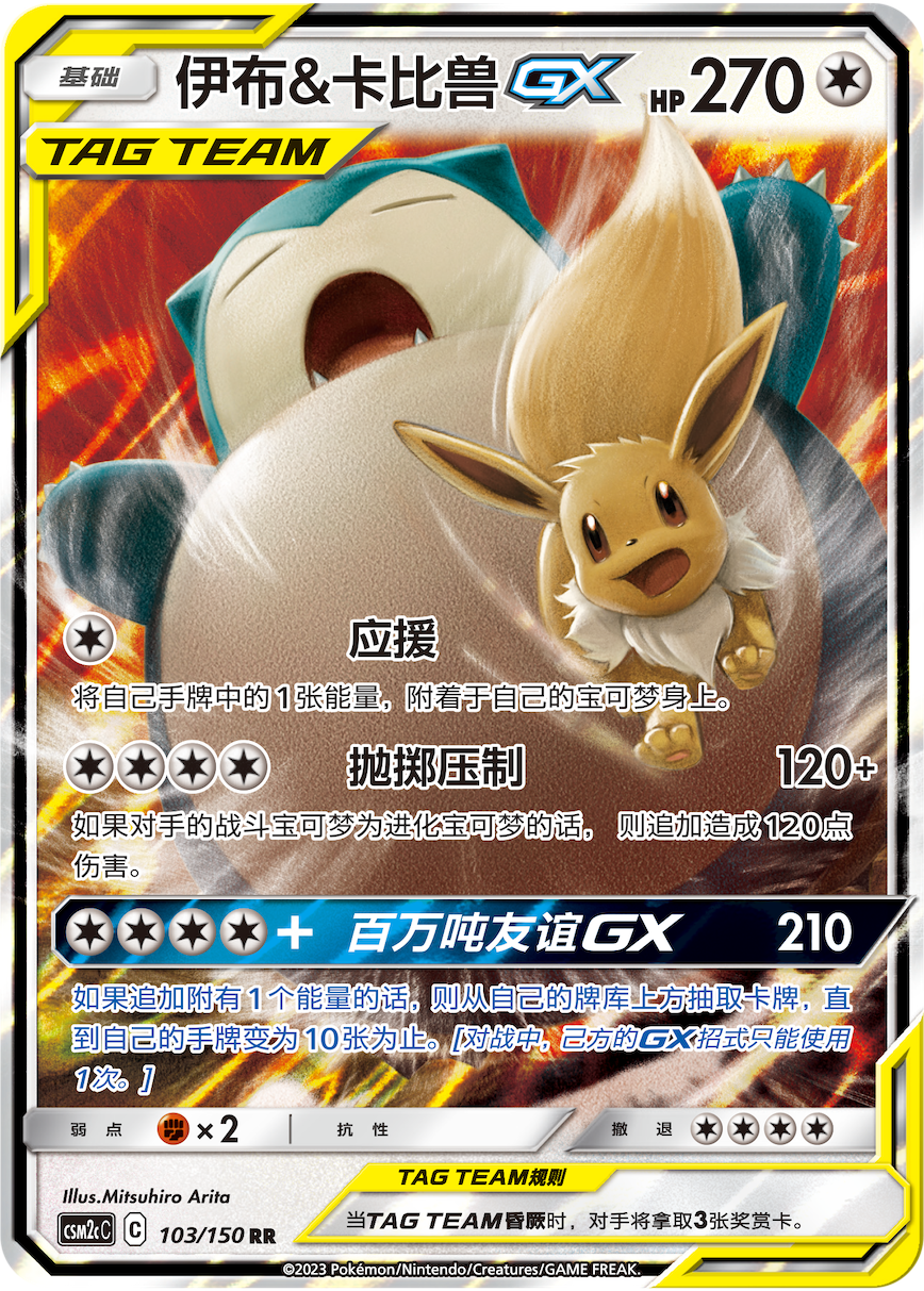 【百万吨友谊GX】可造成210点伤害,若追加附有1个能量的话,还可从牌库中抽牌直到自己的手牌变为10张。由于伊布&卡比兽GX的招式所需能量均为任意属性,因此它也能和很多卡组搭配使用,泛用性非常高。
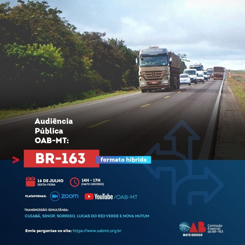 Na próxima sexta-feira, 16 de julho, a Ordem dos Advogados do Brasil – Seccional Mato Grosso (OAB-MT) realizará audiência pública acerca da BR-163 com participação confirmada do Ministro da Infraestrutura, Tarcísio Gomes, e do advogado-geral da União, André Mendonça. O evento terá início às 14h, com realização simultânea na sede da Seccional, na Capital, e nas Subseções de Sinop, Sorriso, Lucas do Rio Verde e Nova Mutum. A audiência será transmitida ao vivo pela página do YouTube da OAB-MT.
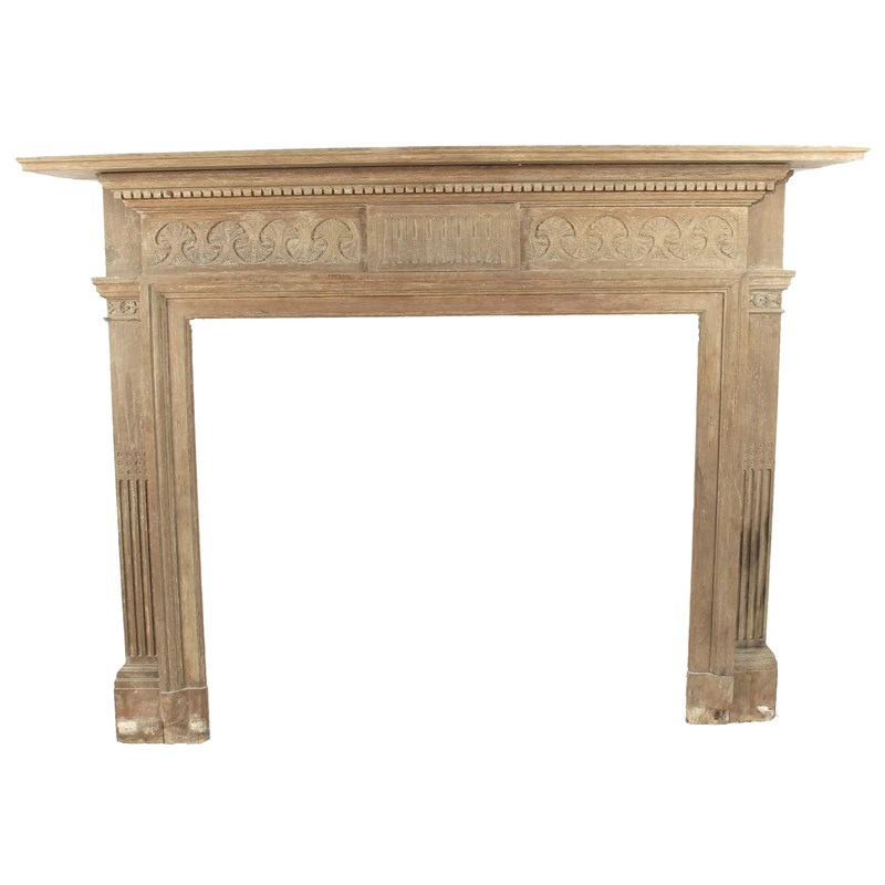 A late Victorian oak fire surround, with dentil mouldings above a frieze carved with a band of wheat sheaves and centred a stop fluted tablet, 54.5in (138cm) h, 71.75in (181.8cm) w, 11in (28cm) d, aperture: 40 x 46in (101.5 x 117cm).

...

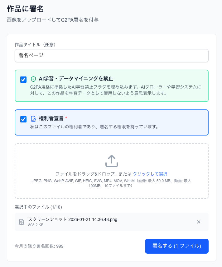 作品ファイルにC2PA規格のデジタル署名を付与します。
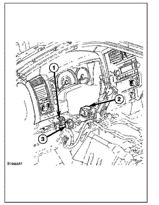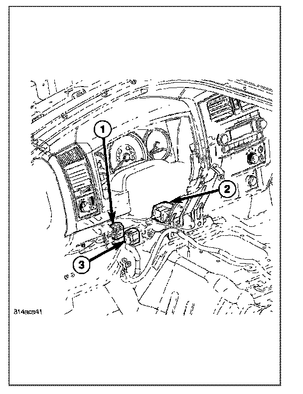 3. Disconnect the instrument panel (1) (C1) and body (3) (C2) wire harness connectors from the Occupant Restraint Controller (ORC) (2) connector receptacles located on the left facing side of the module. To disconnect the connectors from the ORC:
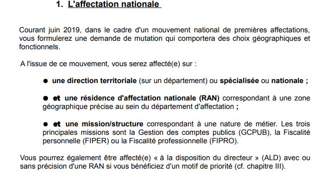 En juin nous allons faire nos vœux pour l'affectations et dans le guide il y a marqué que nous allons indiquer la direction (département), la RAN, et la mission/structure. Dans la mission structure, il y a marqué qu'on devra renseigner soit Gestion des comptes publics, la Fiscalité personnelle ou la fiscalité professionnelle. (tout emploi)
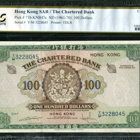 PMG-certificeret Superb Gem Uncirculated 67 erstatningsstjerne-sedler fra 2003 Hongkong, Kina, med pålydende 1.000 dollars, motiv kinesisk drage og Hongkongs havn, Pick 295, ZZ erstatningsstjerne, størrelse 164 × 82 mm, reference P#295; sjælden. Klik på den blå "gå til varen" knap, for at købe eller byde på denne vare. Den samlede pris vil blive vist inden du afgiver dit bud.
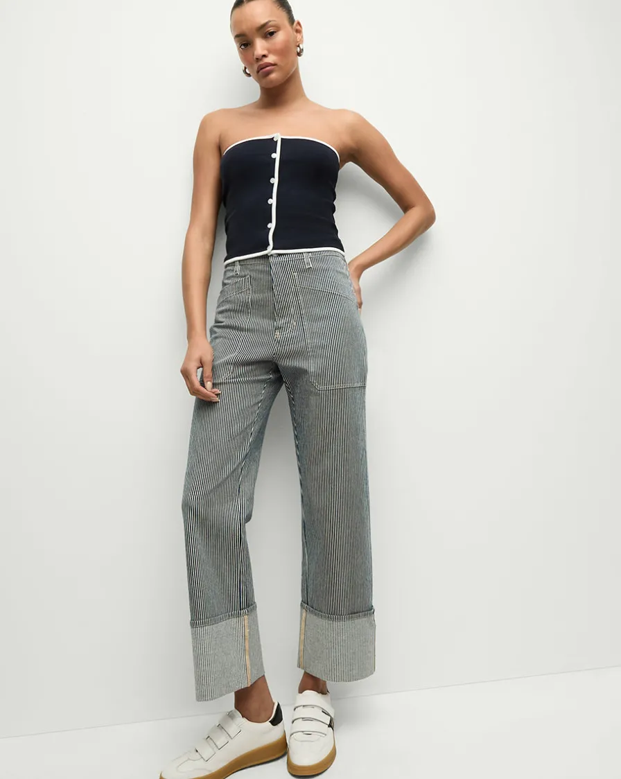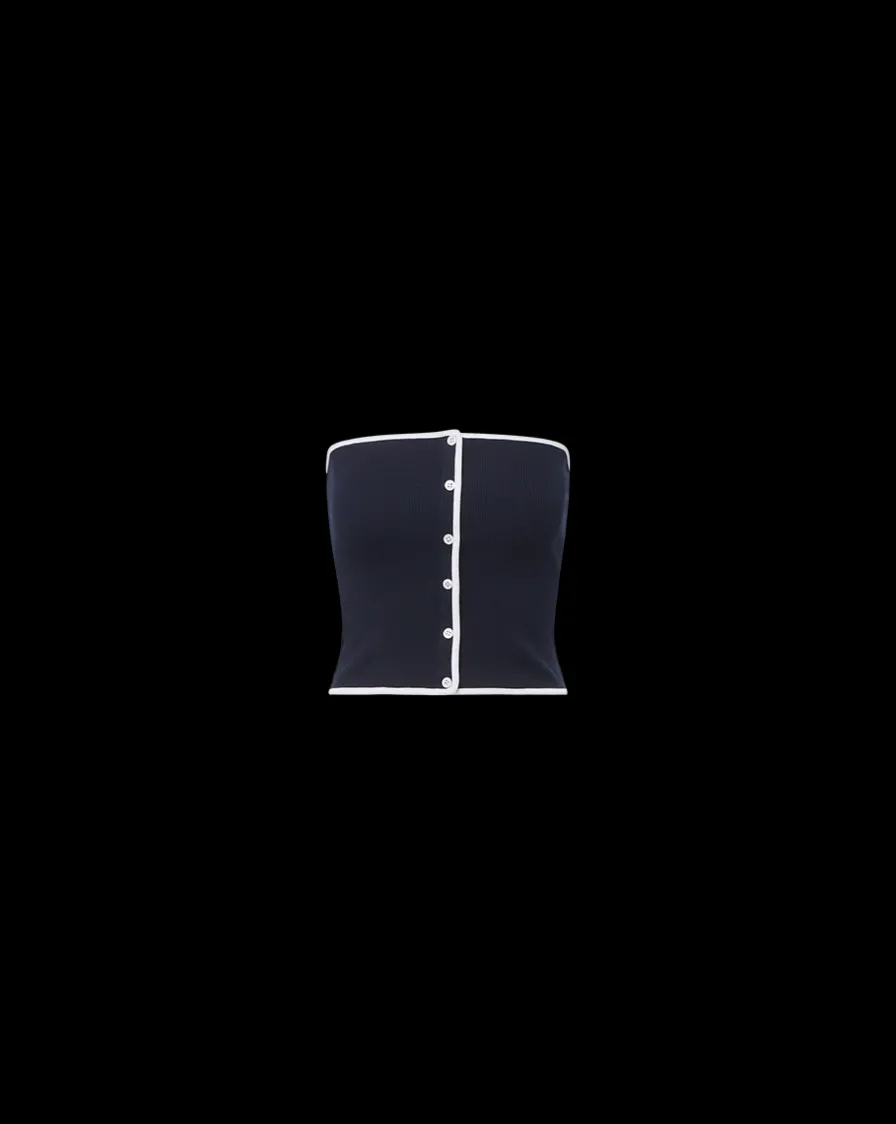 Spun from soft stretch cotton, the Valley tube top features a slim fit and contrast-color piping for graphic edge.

---

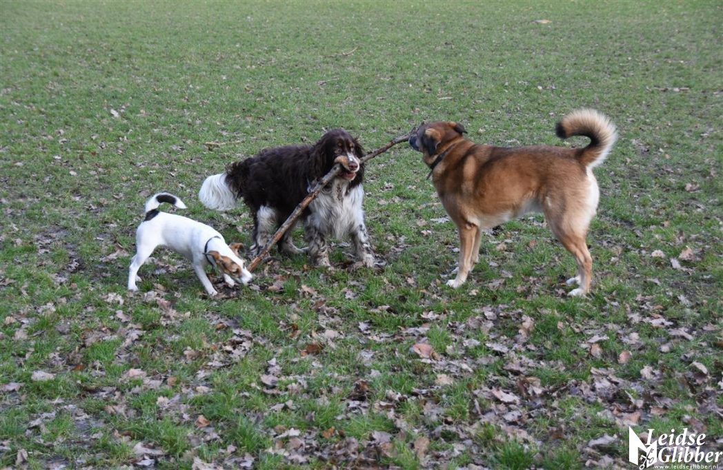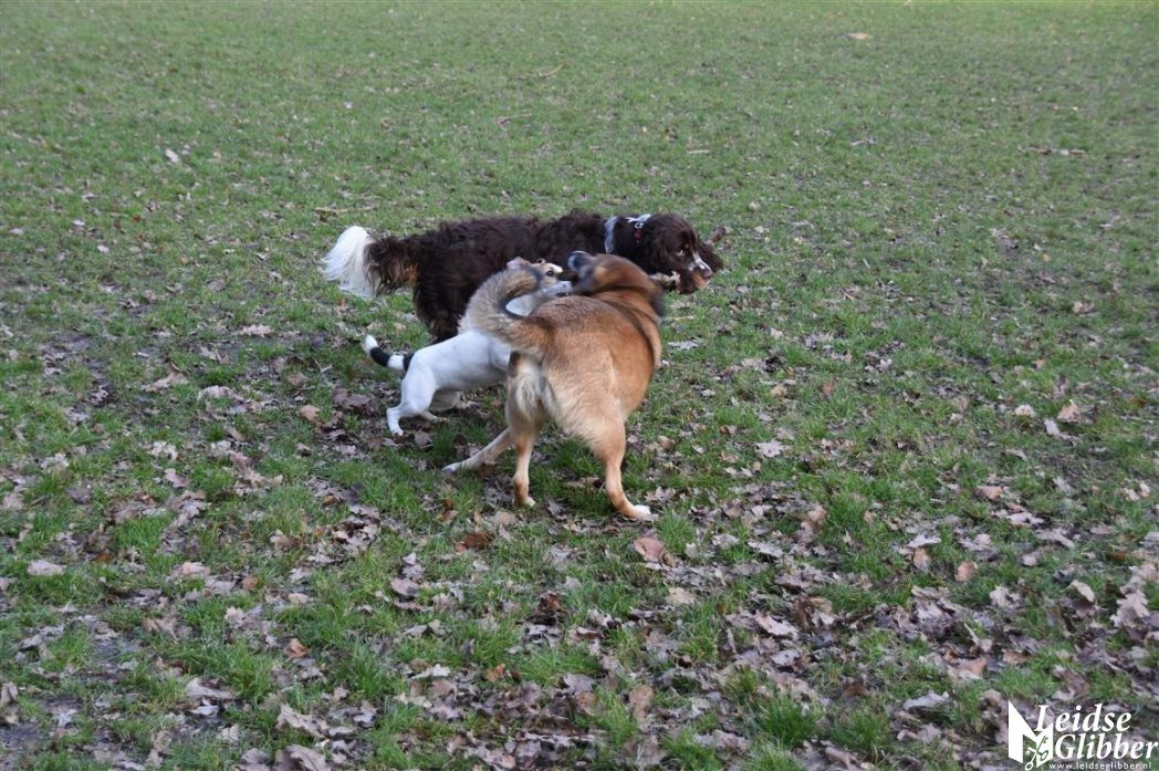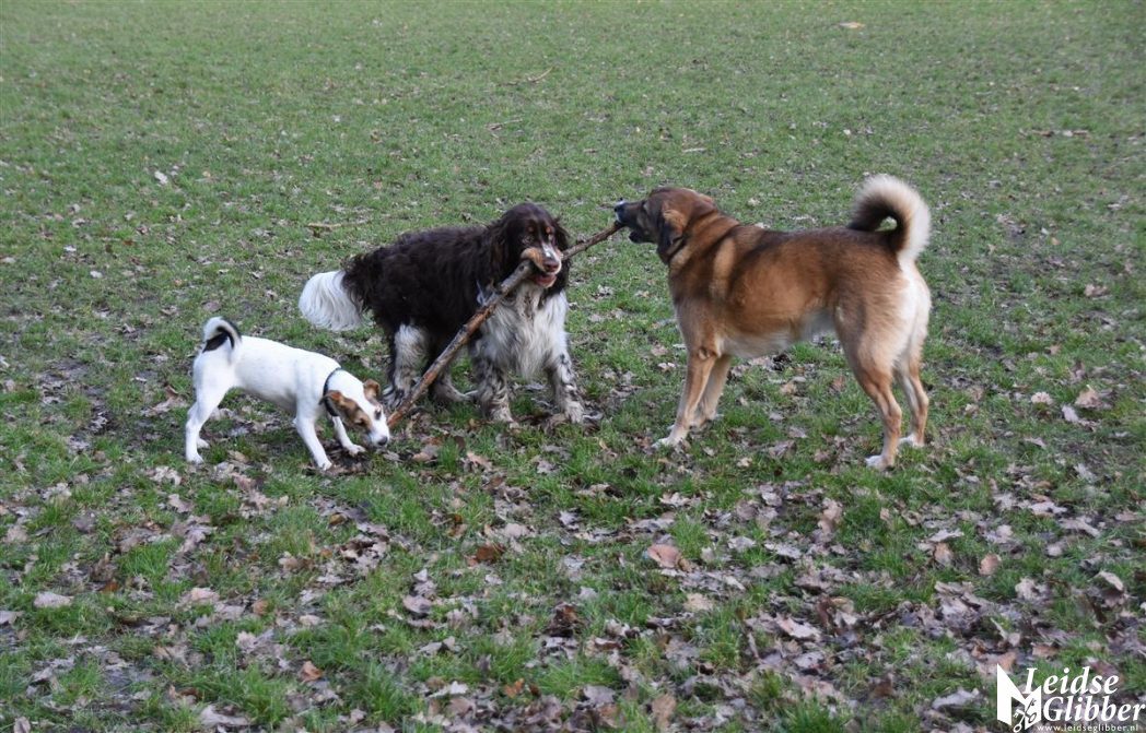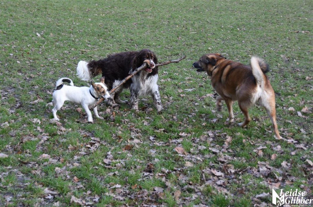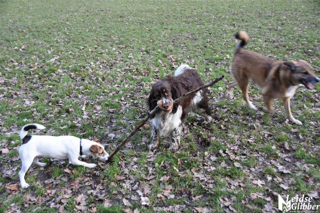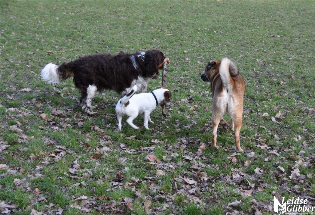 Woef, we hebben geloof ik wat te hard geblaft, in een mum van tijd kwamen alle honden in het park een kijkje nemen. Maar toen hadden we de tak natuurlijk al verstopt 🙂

### Directions
Look back at the data above, then output exactly the lines from the line holding "作品ファイルにC2PA規格のデジタル署名を付与します。" up to and including the line holding "3. Disconnect the". Leave out the pictures.

### Solution
 作品ファイルにC2PA規格のデジタル署名を付与します。
 3. Disconnect the instrument panel (1) (C1) and body (3) (C2) wire harness connectors from the Occupant Restraint Controller (ORC) (2) connector receptacles located on the left facing side of the module. To disconnect the connectors from the ORC:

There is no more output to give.